§ About this exercise
If a line below falls between the line with "This is a wonderful" and the line with "This principally included", or is one of those two, output it exactly; output nothing else and no pictures.

Records for processing section start

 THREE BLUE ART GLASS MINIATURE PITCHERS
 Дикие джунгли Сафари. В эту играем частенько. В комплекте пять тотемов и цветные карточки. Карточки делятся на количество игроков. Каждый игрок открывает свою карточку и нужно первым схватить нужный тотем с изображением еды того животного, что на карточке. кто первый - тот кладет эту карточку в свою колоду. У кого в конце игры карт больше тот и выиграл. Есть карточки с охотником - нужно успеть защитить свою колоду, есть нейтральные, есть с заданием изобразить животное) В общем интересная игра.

Records for processing section end
Records for processing section start

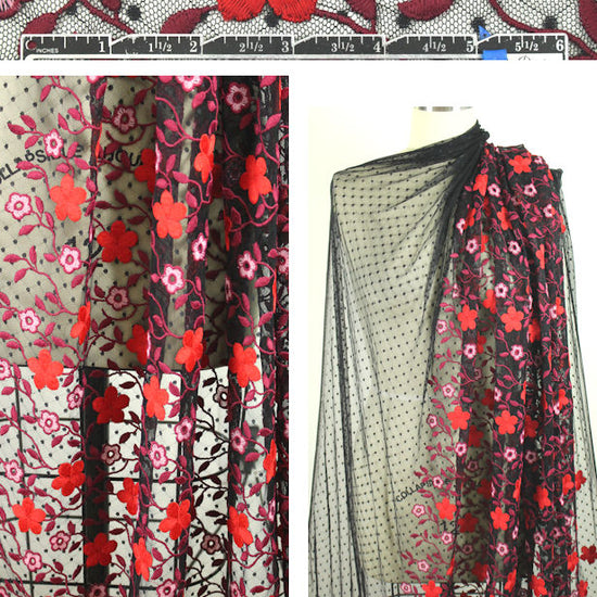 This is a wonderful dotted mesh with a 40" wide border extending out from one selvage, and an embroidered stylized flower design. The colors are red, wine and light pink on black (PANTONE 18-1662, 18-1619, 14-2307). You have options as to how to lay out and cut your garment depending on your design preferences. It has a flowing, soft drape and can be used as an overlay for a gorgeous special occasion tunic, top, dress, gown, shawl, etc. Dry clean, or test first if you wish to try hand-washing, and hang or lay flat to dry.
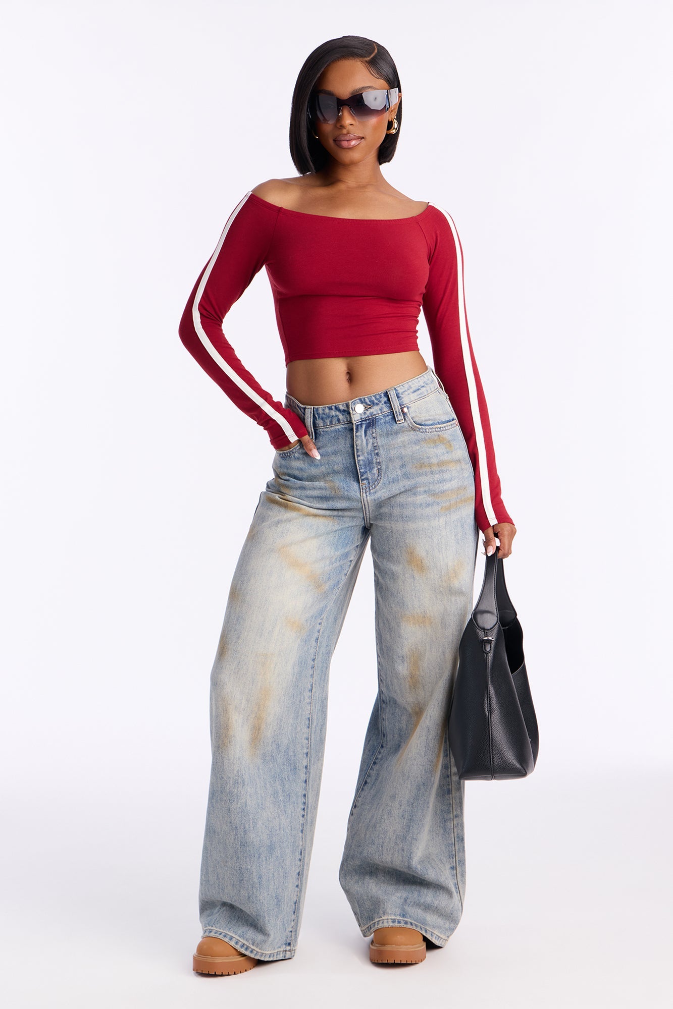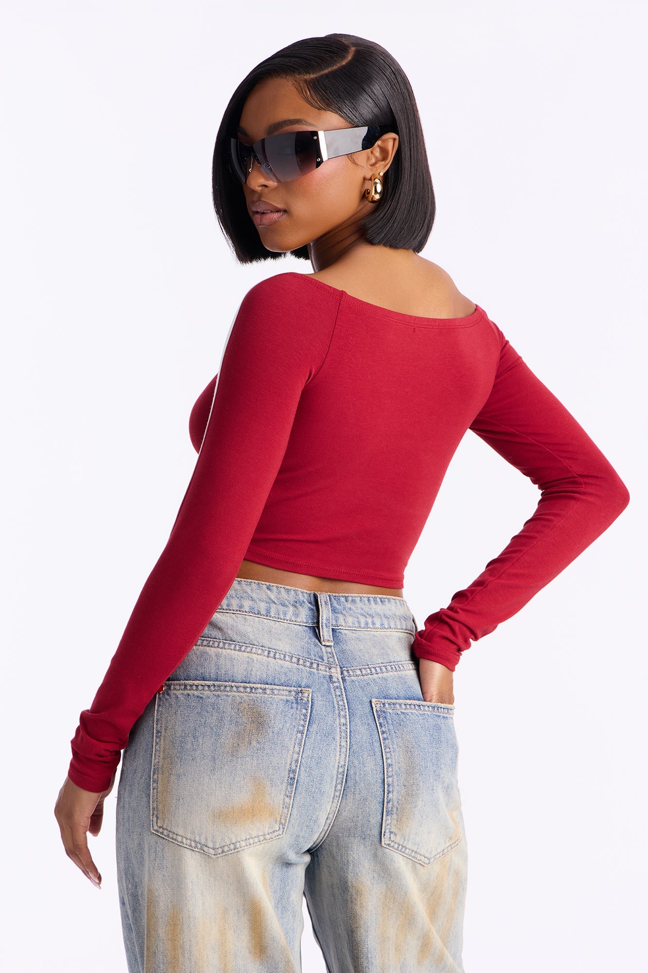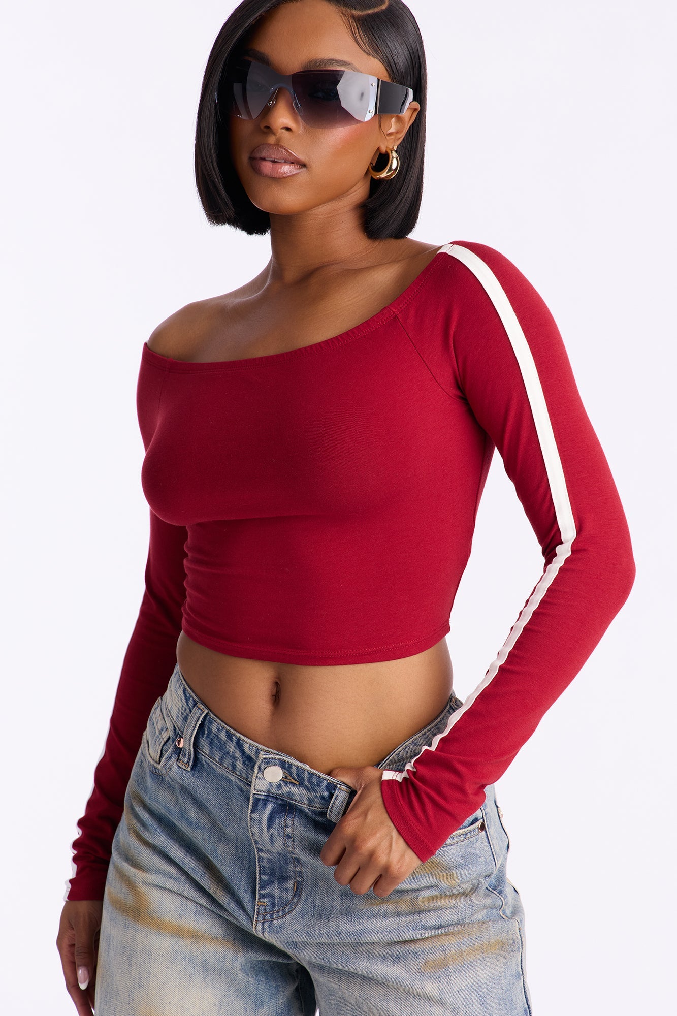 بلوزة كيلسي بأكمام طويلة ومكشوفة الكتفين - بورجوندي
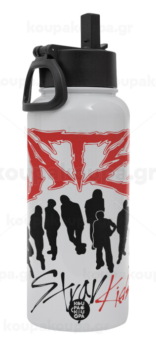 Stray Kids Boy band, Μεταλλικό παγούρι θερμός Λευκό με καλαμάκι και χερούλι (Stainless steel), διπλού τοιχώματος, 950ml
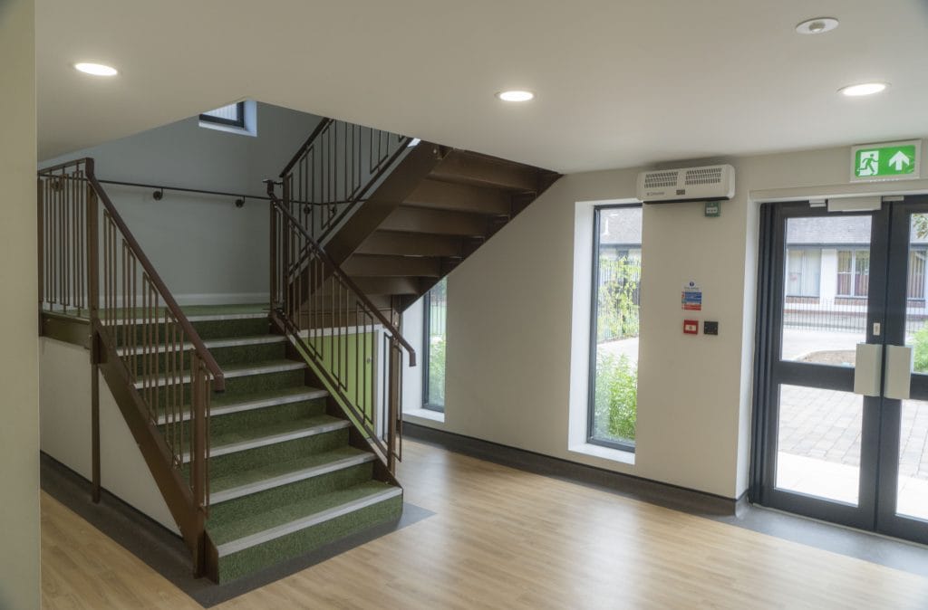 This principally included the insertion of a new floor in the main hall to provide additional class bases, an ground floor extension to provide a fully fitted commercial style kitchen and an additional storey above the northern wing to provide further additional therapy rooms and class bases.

Records for processing section end

§ Solved problem
 This is a wonderful dotted mesh with a 40" wide border extending out from one selvage, and an embroidered stylized flower design. The colors are red, wine and light pink on black (PANTONE 18-1662, 18-1619, 14-2307). You have options as to how to lay out and cut your garment depending on your design preferences. It has a flowing, soft drape and can be used as an overlay for a gorgeous special occasion tunic, top, dress, gown, shawl, etc. Dry clean, or test first if you wish to try hand-washing, and hang or lay flat to dry.
 بلوزة كيلسي بأكمام طويلة ومكشوفة الكتفين - بورجوندي
 Stray Kids Boy band, Μεταλλικό παγούρι θερμός Λευκό με καλαμάκι και χερούλι (Stainless steel), διπλού τοιχώματος, 950ml
 This principally included the insertion of a new floor in the main hall to provide additional class bases, an ground floor extension to provide a fully fitted commercial style kitchen and an additional storey above the northern wing to provide further additional therapy rooms and class bases.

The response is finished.